En revanche, il ressort des documents produits par note en délibéré que le versement de cette allocation est rétabli, ce qui permettra le règlement intégral de l’indemnité d’occupation.
La propriétaire ne communique aucune pièce relative à sa propre situation.
Dans ces conditions, compte tenu de la présence de trois jeunes enfants au domicile et en l’absence de solution de relogement, il y a lieu d’accorder à Madame [H] [G] des délais avant expulsion d’une durée de 9 mois, soit jusqu’au 18 août 2025 inclus.
Afin de ne pas pénaliser excessivement le propriétaire, ces délais seront subordonnés au paiement régulier de l’indemnité d’occupation courante, telle que prévue par l’ordonnance de référé du 19 décembre 2023 du tribunal de proximité de Pantin.
En application de l’article 696 du code de procédure civile, Madame [H] [G] supportera la charge des éventuels dépens et ce, malgré le succès sa prétention, l’instance ayant été introduite par cette dernière dans le seul objectif d’obtenir des délais pour quitter les lieux.
En revanche, il est équitable de rejeter la demande formée au titre de l’article 700 du code de procédure civile.

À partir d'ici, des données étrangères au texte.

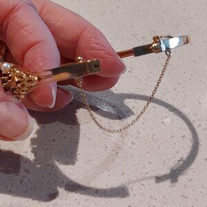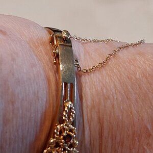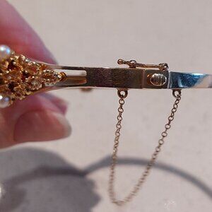 vintage garnet and pearl 14K oval hinged bangle bracelet

La nature du litige rend nécessaire de déclarer la présente décision exécutoire au seul vu de la minute, en application des dispositions de l’article R121-17 du code des procédures civiles d’exécution.
PAR CES MOTIFS
La juge de l’exécution, statuant publiquement, par jugement contradictoire, mis à disposition au greffe et en premier ressort :
ACCORDE à Madame [H] [G], ainsi qu’à tout occupant de son chef, un délai de 9 mois, soit jusqu’au 18 août 2025 inclus, pour se maintenir dans les lieux situés [Adresse 2] à [Localité 7] ;
DIT qu’à défaut de paiement à son terme d’une indemnité d’occupation courante, telle que fixée par l’ordonnance de référé du 19 décembre 2023 du tribunal de proximité de Pantin, et passé un délai de 15 jours suivant la réception d’une mise en demeure de payer les sommes dues, adressée par lettre recommandée avec accusé de réception, Madame [H] [G] perdra le bénéfice du délai accordé et le propriétaire pourra reprendre la mesure d’expulsion ;
DIT que Madame [H] [G] devra quitter les lieux le 18 août 2025 au plus tard, faute de quoi la procédure d’expulsion, suspendue pendant ce délai, pourra être reprise ;
CONDAMNE Madame [H] [G] aux dépens ;
REJETTE la demande formée au titre des frais irrépétibles de l’article 700 du code de procédure civile ;
DÉCLARE la présente décision exécutoire au seul vu de la minute.
Fait à [Localité 5] le 18 novembre 2024.